The Columbia Journalism Review, a 2007 Utne Independent Press Award nominee, jumped into this fray once again with two new offerings. The publication first relaunched the Campaign Desk, which looks at the presidential race. Here’s CJR on the mission of the Campaign Desk:

We’ll look at who's doing interesting, original reporting and who's being taken in by spin; we’ll focus on how and why the narratives that come to define a candidate get started and relentlessly repeated, and if they are off base, we’ll try to set them straight. We’re on the lookout for misleading statistics, partial truths and oversimplifications, glittering generalities, and other language crimes that can infect the coverage.

Campaign Desk writers have covered topics as diverse as journalists demanding coffee from John Edwards at an all-night campaign stop during the Iowa caucus to giving the full story behind a scuffle between an AP reporter and Mitt Romney.

The second offering by CJR is The Observatory, which of rakes through the not-always-peer-reviewed muck of science journalism.
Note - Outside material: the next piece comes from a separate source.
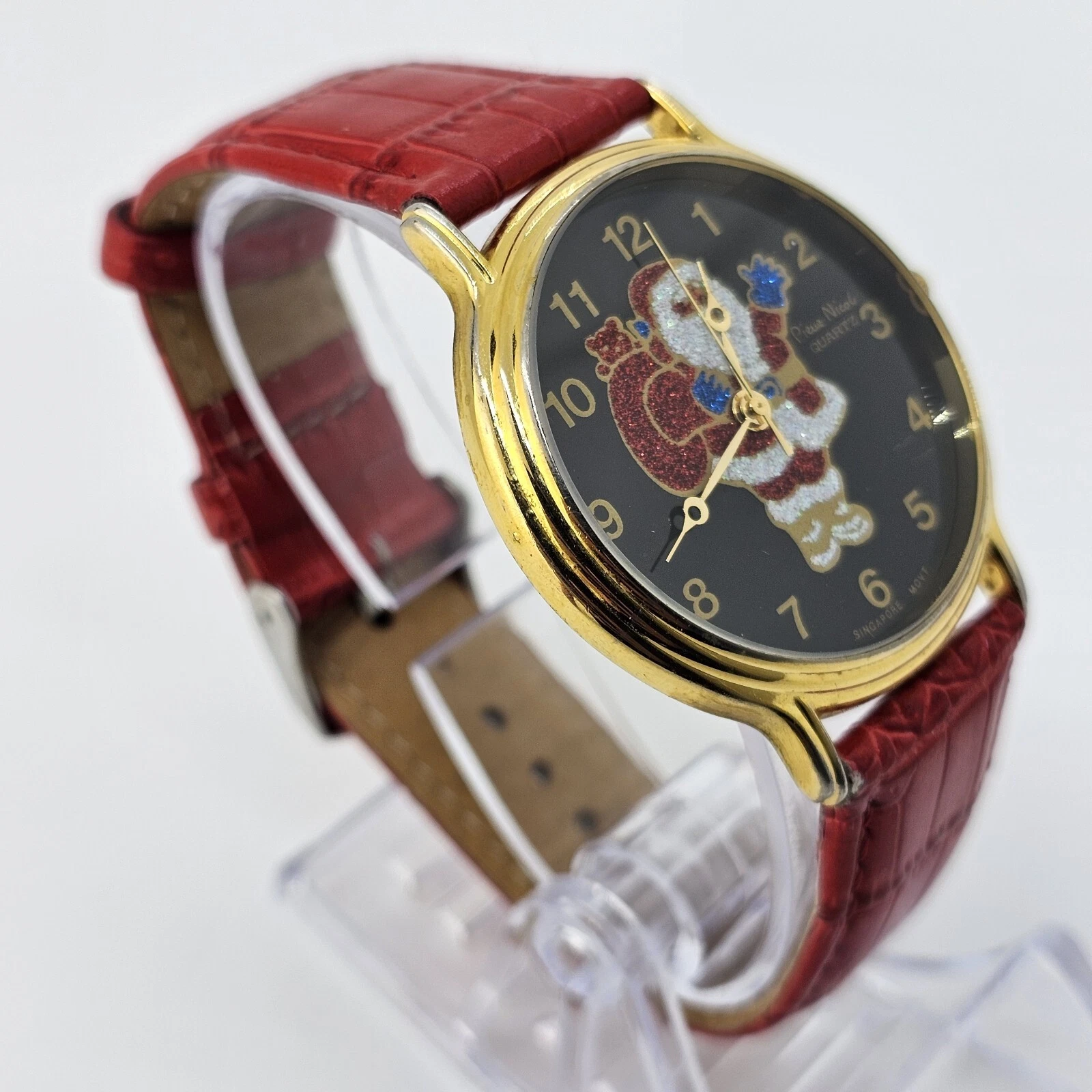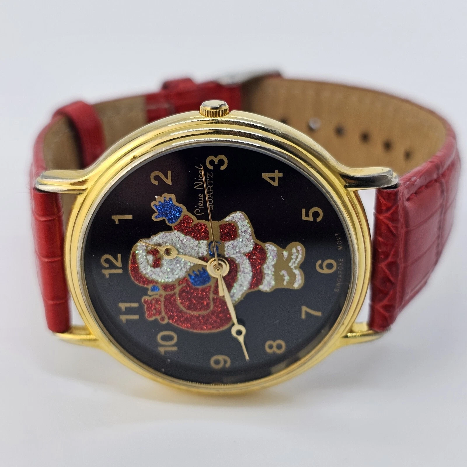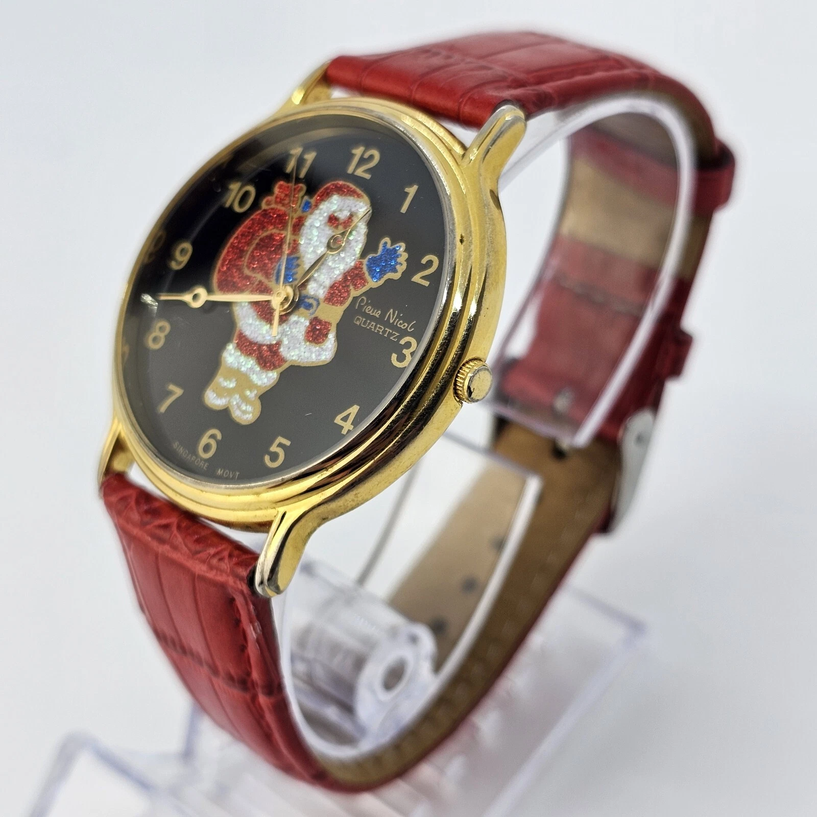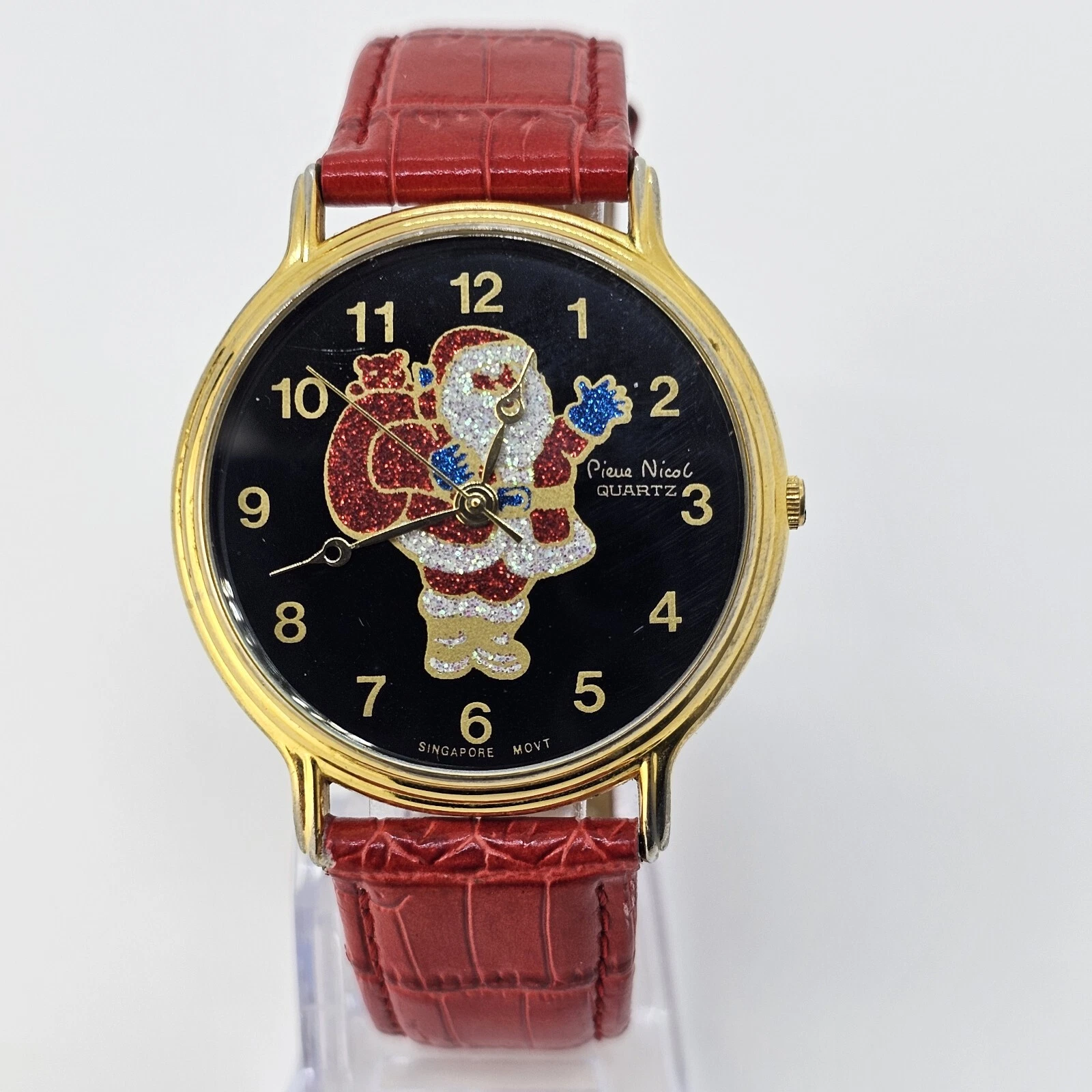 VTG Pierre Nicol Santa Claus Christmas Watch 40MM Red Leather Bands New Battery

The Observatory opened with an article about how new, collaborative web-technology is affecting science writing. With all the spin, inaccuracies, and half-truths bandied about in the media, these CJR projects will have their work cut out for them.

Brendan Mackie

Image by Justin Henry licensed under Creative Commons.

The Not-So-Great Race

Horse RaceAfter slobbering over a never-to-materialize Barack Obama win in New Hampshire and flip-flopping on the electoral viability of a crotchety John McCain, the media has proved that their skill at horse-race forecasting is about as reliable as that of people who bet on real-life horse races. That is to say, they’re not good at it.
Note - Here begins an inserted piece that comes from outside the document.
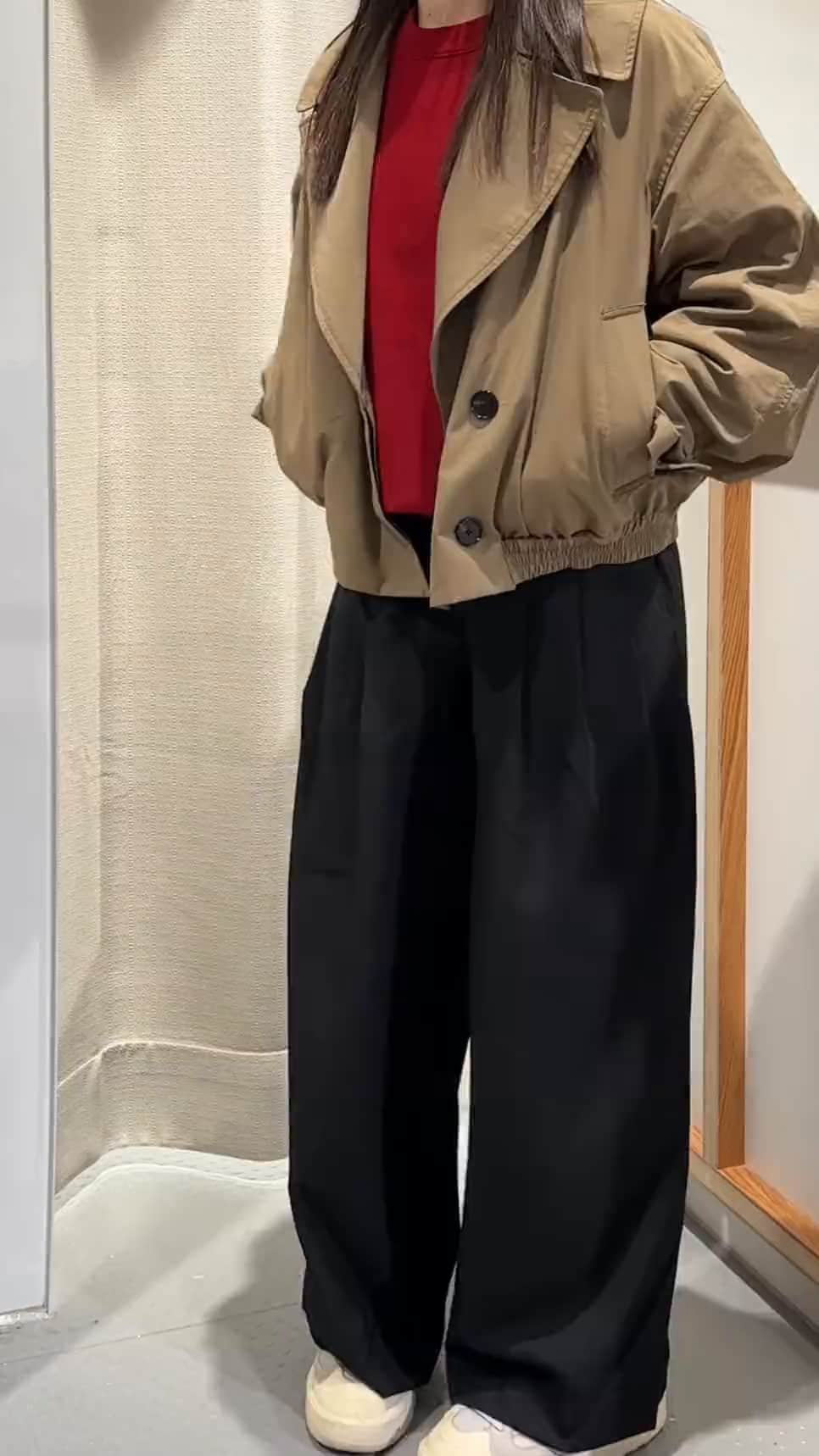 針織衫是仿衛衣的版型,整體寬鬆舒適,毛料紮實不刺膚,風衣外套短版穿起來顯得俐落,袖口有調節扣設計!

Jay Rosen, a veteran media critic, has written a great takedown of horse-race journalism for TomDispatch and Salon. Rosen gets to the depth of the problem: It’s easy for over-taxed journalists to write horse-race style pieces, especially if everybody else is doing it.

Who’s-gonna-win is portable, reusable from cycle to cycle, and easily learned by newcomers to the press pack. Journalists believe it brings readers to the page and eyeballs to the screen. It “works” regardless of who the candidates are, or where the nation is in historical time. No expertise is actually needed to operate it. In that sense, it is economical. (And when everyone gets the winner wrong the “surprise” becomes a good story for a few days.) Who’s going to win—and what’s their strategy—plays well on television, because it generates an endless series of puzzles toward which journalists can gesture as they display their savviness, which is the unofficial religion of the mainstream press.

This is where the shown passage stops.